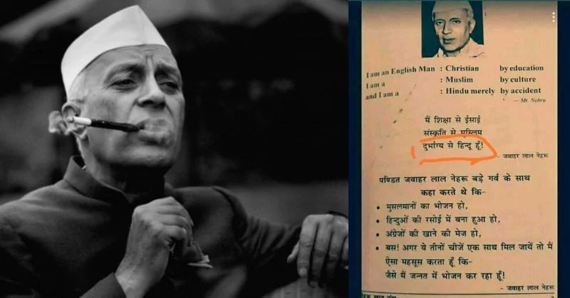 ബിജെപിയുടെ ഐടി സെൽ അധ്യക്ഷൻ അമിത് മാളവ്യ അടക്കമുള്ളവർ റീട്വീറ്റ് ചെയ്ത ഒരു ഉദ്ധരണിയും നെഹ്രുവിന്റേതെന്ന മട്ടിൽ സാമൂഹ്യമാധ്യമങ്ങളിൽ പ്രചരിക്കുന്നുണ്ടിന്നും . അത് ഇപ്രകാരമാണ് , " ഞാൻ വിദ്യാഭ്യാസം കൊണ്ട് ഒരു ഇംഗ്ലീഷുകാരനും, സംസ്കാരം കൊണ്ട് ഒരു മുസ്ലീമും, യാദൃച്ഛികത ഒന്ന് കൊണ്ടുമാത്രം ഹിന്ദുവുമാണ്.." . ഇങ്ങനെ ഒരിക്കലും നെഹ്റു പറഞ്ഞിട്ടില്ല. യഥാർത്ഥത്തിൽ നെഹ്റു ഒരു തികഞ്ഞ ആജ്ഞേയവാദിയായിരുന്നു. ഒരു മതത്തിലും വിശ്വാസമില്ലാതിരുന്നിട്ടും അദ്ദേഹം വളരെ കൃത്യമായ മതേതര കാഴ്ചപ്പാടുകൾ വെച്ചുപുലർത്തിയിരുന്നു.
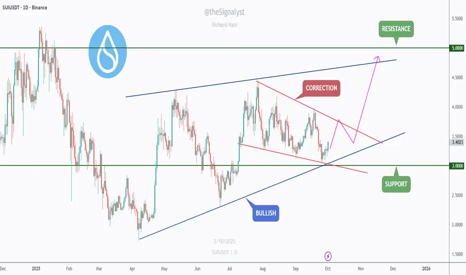 SUI is respecting a broader rising structure while carving a descending correction (red channel/wedge) on the daily.
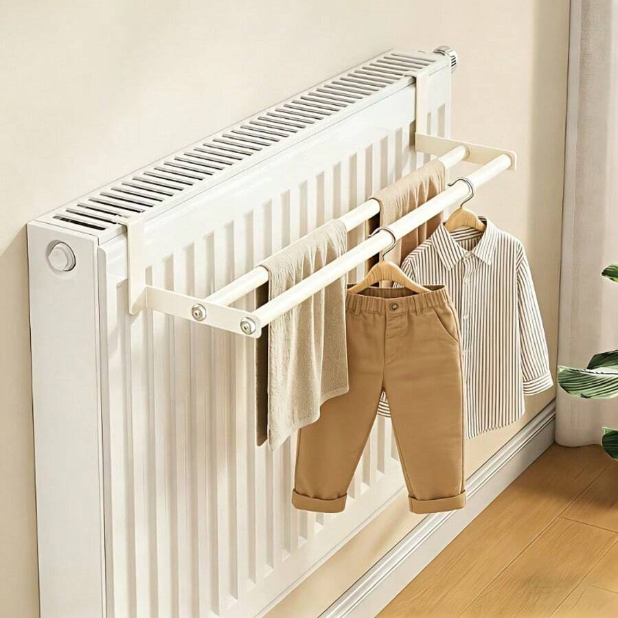 Heavy Duty No Drill Radiator Dryer Thickened Metal Double Rod Clothes Dryer, Metal Material, Space Saving Laundry Style, Wall Mounted Drying Rack Pattern, Heated Radiator Dryer Rack, Suitable For Clothes Towels Shoes Quick Heating, Fits Most Radiators Drying Solution
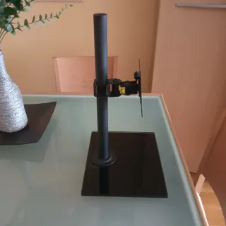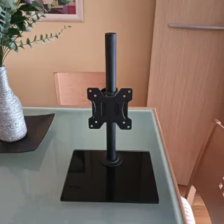 Soporte de mesa para monitor PC o TV. Su diseño moderno y elegante se adapta a cualquier espacio. - Base de cristal negro templado. - Columna y soporte VESA negros. - Giratorio en inclinación y ajuste de altura. - Está nuevo.
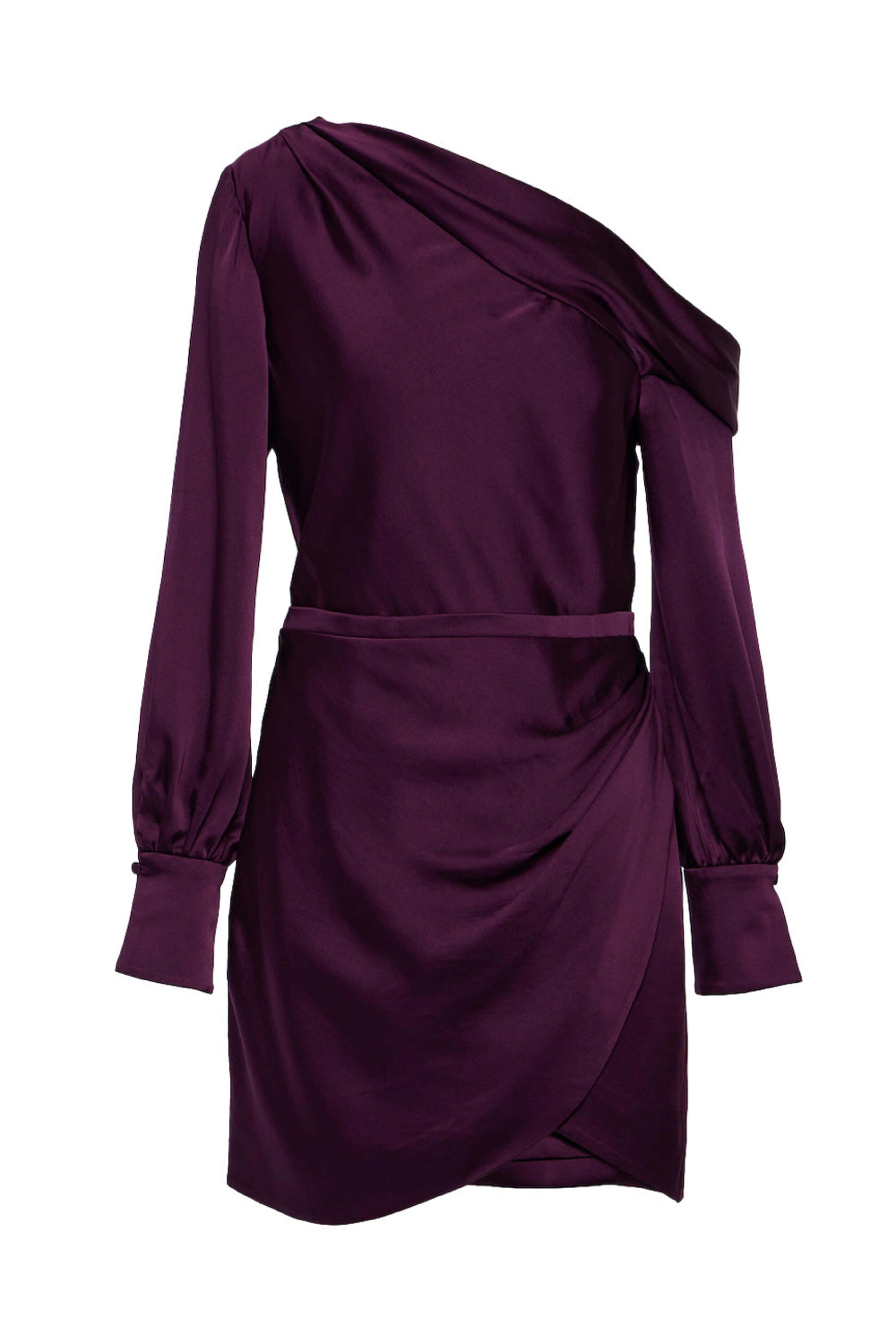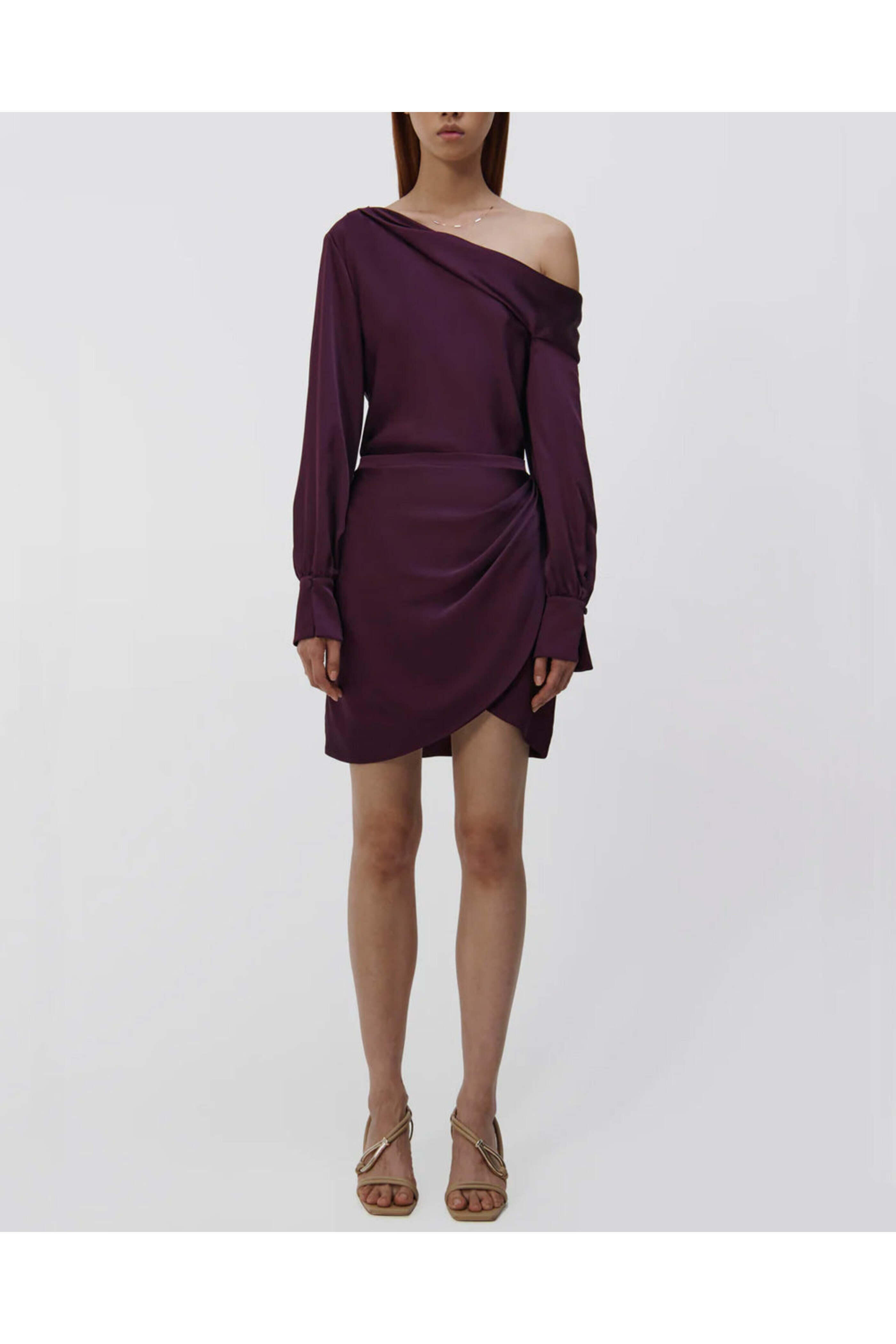 SIMKHAI Plum Cameron Single Shoulder Dress. Off the shoulder neck. Long sleeves; button cuffs. Banded waist. Concealed side zip closure. Tulip hem. Mini length. Lined. 89% acetate, 11% polyethylene outer, 100% polyester lining.
★ ★ ★ ★ ★
- [Task item] Word for word, restate all of the material above except its pictures.

- [Exercise output]
 ബിജെപിയുടെ ഐടി സെൽ അധ്യക്ഷൻ അമിത് മാളവ്യ അടക്കമുള്ളവർ റീട്വീറ്റ് ചെയ്ത ഒരു ഉദ്ധരണിയും നെഹ്രുവിന്റേതെന്ന മട്ടിൽ സാമൂഹ്യമാധ്യമങ്ങളിൽ പ്രചരിക്കുന്നുണ്ടിന്നും . അത് ഇപ്രകാരമാണ് , " ഞാൻ വിദ്യാഭ്യാസം കൊണ്ട് ഒരു ഇംഗ്ലീഷുകാരനും, സംസ്കാരം കൊണ്ട് ഒരു മുസ്ലീമും, യാദൃച്ഛികത ഒന്ന് കൊണ്ടുമാത്രം ഹിന്ദുവുമാണ്.." . ഇങ്ങനെ ഒരിക്കലും നെഹ്റു പറഞ്ഞിട്ടില്ല. യഥാർത്ഥത്തിൽ നെഹ്റു ഒരു തികഞ്ഞ ആജ്ഞേയവാദിയായിരുന്നു. ഒരു മതത്തിലും വിശ്വാസമില്ലാതിരുന്നിട്ടും അദ്ദേഹം വളരെ കൃത്യമായ മതേതര കാഴ്ചപ്പാടുകൾ വെച്ചുപുലർത്തിയിരുന്നു.
 SUI is respecting a broader rising structure while carving a descending correction (red channel/wedge) on the daily.
 Heavy Duty No Drill Radiator Dryer Thickened Metal Double Rod Clothes Dryer, Metal Material, Space Saving Laundry Style, Wall Mounted Drying Rack Pattern, Heated Radiator Dryer Rack, Suitable For Clothes Towels Shoes Quick Heating, Fits Most Radiators Drying Solution
 Soporte de mesa para monitor PC o TV. Su diseño moderno y elegante se adapta a cualquier espacio. - Base de cristal negro templado. - Columna y soporte VESA negros. - Giratorio en inclinación y ajuste de altura. - Está nuevo.
 SIMKHAI Plum Cameron Single Shoulder Dress. Off the shoulder neck. Long sleeves; button cuffs. Banded waist. Concealed side zip closure. Tulip hem. Mini length. Lined. 89% acetate, 11% polyethylene outer, 100% polyester lining.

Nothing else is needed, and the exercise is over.